For hardware counters the implementation relies on standard tools for standard operations, which is similar to the scheme followed by HPCview [8]. Hence all the hardware counter management is basically done by interfacing *perfmon* [12]. Incorporating the analysis tree described by Levinthal [13] to help end-user to navigate among counter terminology would be a nice add-on.

# 7 Methodology for Guided Optimization

As presented in the previous sections, MAQAO provides a set of static and dynamic analyses of the compiled code. We propose thereafter a methodology, helping the expert user to locate performance bottlenecks and giving hints on how to remove these bottlenecks and optimize the code. We assume expert users are willing to either modify the source code, change compiler options (possibly resorting to black belt options), modify the assembly code or give hints to an optimizing scheduler such as XLG [22].

The step by step methodology is the following:

- 1. Determine most important functions and code sections by using a standard profiling tool.
- 2. Detect assembly code patterns of known poor performance. For each pattern detected, we associate some hints concerning possible optimizations, depending on the compiler used. For instance, setf/getf high latency patterns often results from poor performance address computation in Fortran codes. Porting the code from Fortran to C solves this issue because the address computation is better handled by the Intel C compiler.

<sup>&</sup>lt;sup>1</sup>Individual times are also used to detect if the ITC register was accessed in a burst mode (several times within 40 cycles) which degrades its accuracy from 6 to 40 cycles.

Note that the database of detected patterns is evolving and can be enlarged through expertise or microbenchmarking.
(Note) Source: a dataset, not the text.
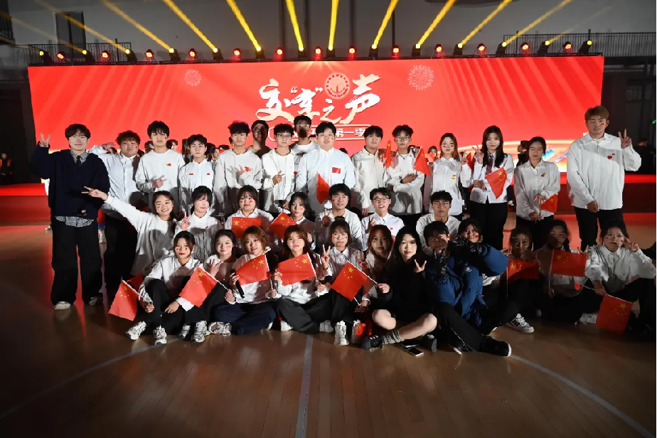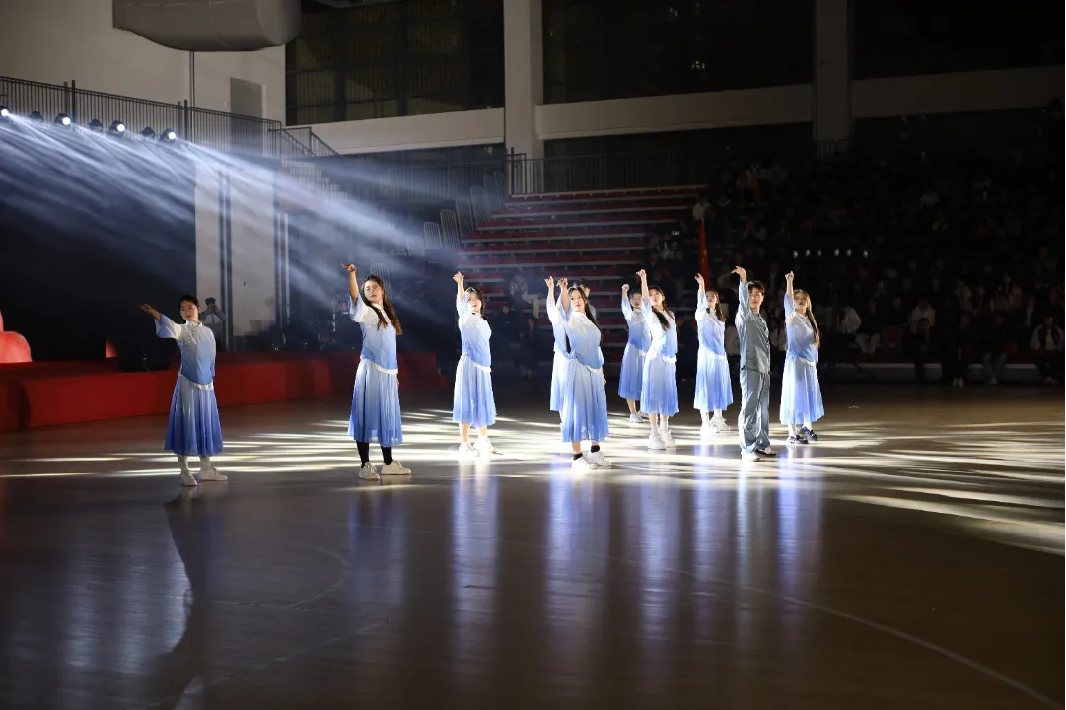 公开课第三部分名为“追梦的青春”。思政课老师深情地讲述着:中华民族在一代代青年的接续奋斗中,从站起来,到富起来,再到强起来,不仅洗掉了“东亚病夫”的耻辱,而且可以自豪地平视这个世界!精彩的“奥运集锦”视频片段,让大家深切感受到了从一个人的奥运,到十四亿人的奥运,中华民族实现了蜕变!艺术团同学们的情景舞蹈表演《有我》,让我们看到了青年的担当,为我们呈现出一幅现代中国的盛世辉煌。在公开课的最后环节,思政课老师们带领同学们回望过去、展望未来,全场师生同唱《我爱你中国》,高呼“无奋斗,不青春”,师生手中挥舞着国旗,将思政课现场点燃成了一片红色的海洋!

- 3. Once no inefficient assembly code patterns remains, we make an assessment on how far the code is from the optimal and what is the next bottleneck. For this, we evaluate three performance values:
  - a. The static performance bounds presented in Section 5. They evaluate the density of computation and memory instructions in the code, and answer to the question 'how far is the code from optimal usage of functional units ?'. They are optimistic bounds: once reached, the code cannot be optimized further, as far as functional units are concerned.
  - b. The number of instruction issues, according to the compiler model. This information is given through annotation in the assembly code.
  - c. The results of cycle profiling.

When the three bounds match (or are in a 10% interval), there is no need to optimize further. The other cases are handled by the next steps.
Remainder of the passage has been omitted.